NÉ D’AUCUNE FEMME : à travers les yeux du père Gabriel qui découvre les confessions de Rose, on suit son destin dans la campagne française de la fin du XIXème siècle. L’auteur dresse le portrait ô combien touchant et empli d’émotions de cette jeune fille, vendue à un riche maître et dont la vie va basculer sous l’emprise de ce dernier et de sa mère. Une écriture de virtuose, âpre et flamboyante, intime et magistrale. Franck Bouysse reste fidèle au genre rural noir dans ce récit sombre et amer. Un tourbillon de maux habilement dépeints qui entraîne le lecteur.

LA VIE RÊVÉE DE MARGARET : la vie de Margaret semblait toute tracée, mais elle va tout perdre face à un mauvais coup de la vie. Ce roman est le combat de Margaret pour se reconstruire et pour se dépasser. Ce livre feel good vous donne un sentiment de bien-être après la lecture.

SLEEPING BEAUTIES : partout dans le monde, les femmes s’endorment et ne se réveillent plus. Elles ne meurent pas, mais sont entourées d’un cocon, comme des chrysalides, dont il est bien dangereux de vouloir les délivrer. Les hommes se retrouvent livrés à eux mêmes et se tournent vers la violence. Un roman de Stephen King (écrit avec son fils Owen) d’un genre différent : pas de seaux de sang ! Même un peu de sociologie sur la place des femmes dans la société. Messieurs que feriez vous sans votre moitié !

Rosella Postorino - La goûteuse d'Hitler.

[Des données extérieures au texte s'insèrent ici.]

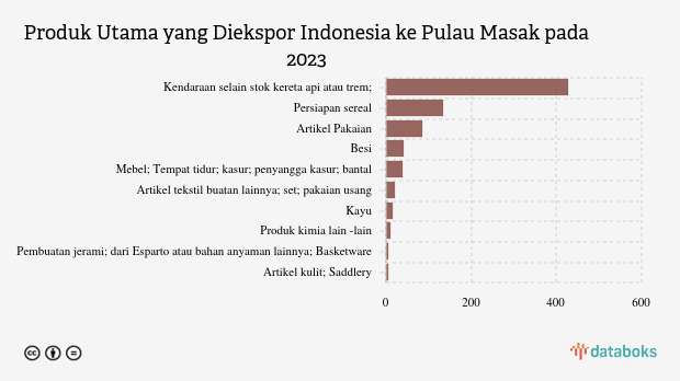 Dari total 97 produk (kode HS dua digit) yang diekspor ke Pulau Masak, 35 produk bernilai lebih dari satu miliar dolar. Selain itu menurut data Trademap, ke negara ini terdapat 22 produk utama Indonesia yang diekspor setiap tahun. Dengan kata lain, produk-produk tersebut merupakan andalan ekspor Indonesia ke Pulau Masak. Lainnya, sebagian besar produk merupakan ekspor produk yang juga banyak diekspor ke negara lain.

LA GOÛTEUSE D’HITLER : Hitler dans sa folie, avait peur d’être empoisonné. Il prit quelques femmes dans la population pour que celles -ci lui servent de goûteuses. Ainsi Rosa ne savait jamais si la bouchée qu’elle prenait serait la dernière ou non. Tous les sentiments, les craintes et les doutes que ressent cette jeune allemande sont superbement décrits et analysés.

Valérie Perrin - Les oubliés du dimanche.

LES OUBLIÉS DU DIMANCHE : Justine est aide-soignante aux Hortensias, une maison de retraite, et aime par-dessus tout les personnes âgées. Notamment Hélène, centenaire, qui a toujours rêvé d’apprendre à lire. Les deux femmes se lient d’amitié, s’écoutent, se révèlent l’une à l’autre. Valérie Perrin conte notre humanité et fait déborder les yeux, elle nous met du brillant au bord des yeux. Elle nous mouille le cœur.